Alaska Salmon is nutritious and delicious. To ensure a great meal, you need the right equipment for catching and harvesting your fish.

Angler Stewardship

Proper fishing practices help preserve Alaska's abundant salmon resources and fishing opportunities.

  • Keep only fish that you will use. Release the rest unharmed.
  • Keep injured fish unless prohibited by size or bag limit regulations.
  • Follow fishing regulations and help protect salmon habitat.


Extended fighting adversely affects the quality of fish you harvest and survival rates of fish you release.

  • Keep your fish in the water until you know it's a "keeper."
  • Avoid bruising—don't let fish flop about.
  • Use a soft or knotless mesh landing net.

Removing Hooks

  • Use needle-nose pliers to back the hook out.
  • Remove hooks quickly and gently with your fish in the water.
  • When hooked deeply, cut the line and leave the hook in the fish.
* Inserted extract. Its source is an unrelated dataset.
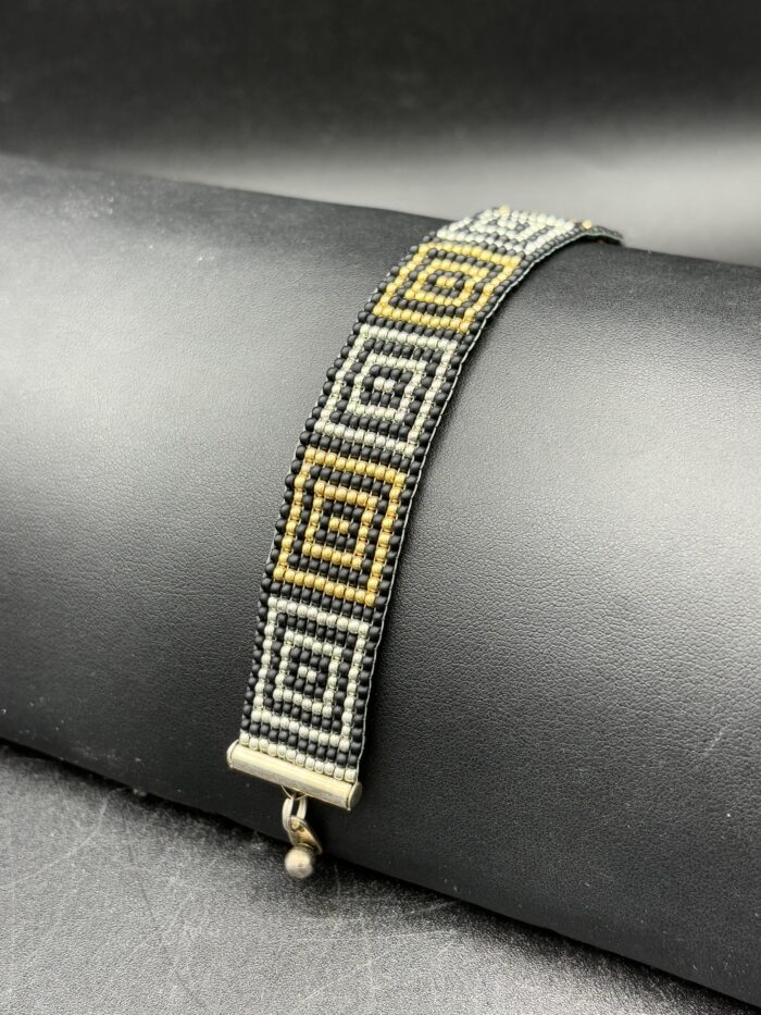 ‘Silver and Black Squares within Squares’ Bracelet by Nancy Leicht

  • Keep fish in the water as much as possible.
  • Handle fish with wet hands.
  • Cradle large fish gently with both hands.
  • Keep your fingers out of the gills and eyes.
  • Never squeeze your fish.


  • Quickly stun your catch with a sharp blow to the back of the head.
  • Don't kick or toss your fish. This will bruise the flesh.
  • Bleed your catch immediately—cut through the gill arch, allowing blood to pump out.
  • Gut fish right after bleeding and remove the kidney "blood line" with your thumb or a spoon.
  • Keep fish cool until cooking or processing.